Given information:
○ ○ ○ ○ ○
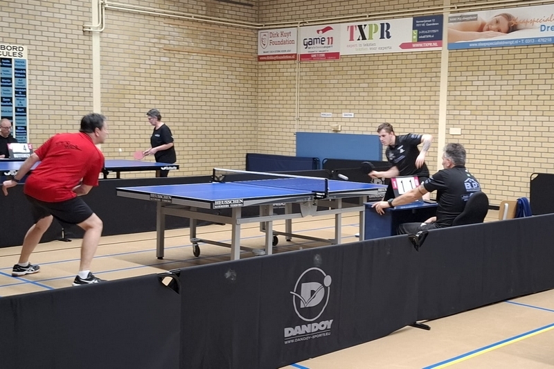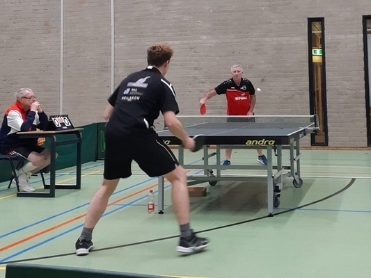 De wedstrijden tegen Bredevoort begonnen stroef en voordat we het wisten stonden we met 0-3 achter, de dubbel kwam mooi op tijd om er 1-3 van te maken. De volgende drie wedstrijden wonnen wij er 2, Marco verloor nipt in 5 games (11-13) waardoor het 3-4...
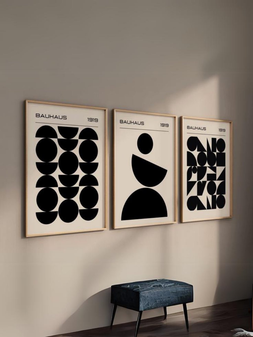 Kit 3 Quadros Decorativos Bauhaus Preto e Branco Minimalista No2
○ ○ ○ ○ ○
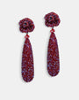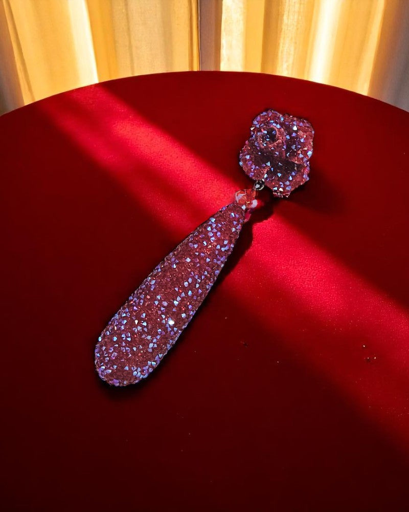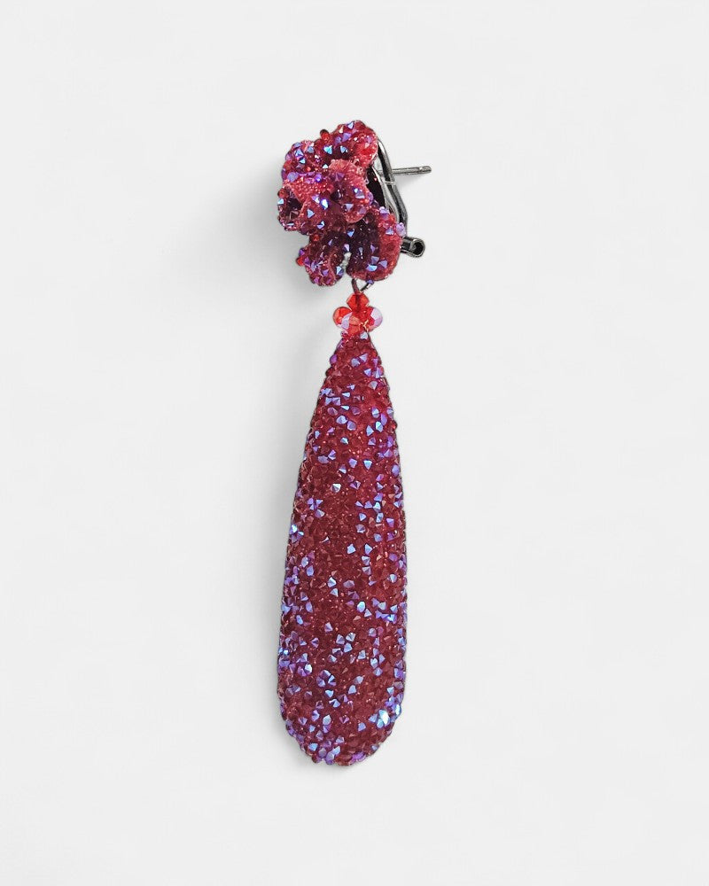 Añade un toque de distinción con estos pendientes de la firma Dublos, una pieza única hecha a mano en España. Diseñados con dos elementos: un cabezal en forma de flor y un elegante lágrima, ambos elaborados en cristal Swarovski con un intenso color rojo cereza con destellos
○ ○ ○ ○ ○
What you are asked to do:
Pictures excluded, transcribe the listing above exactly from the line with "De wedstrijden tegen" through the line with "Kit 3 Quadros", and no further.

Exercise solution:
 De wedstrijden tegen Bredevoort begonnen stroef en voordat we het wisten stonden we met 0-3 achter, de dubbel kwam mooi op tijd om er 1-3 van te maken. De volgende drie wedstrijden wonnen wij er 2, Marco verloor nipt in 5 games (11-13) waardoor het 3-4...
 Kit 3 Quadros Decorativos Bauhaus Preto e Branco Minimalista No2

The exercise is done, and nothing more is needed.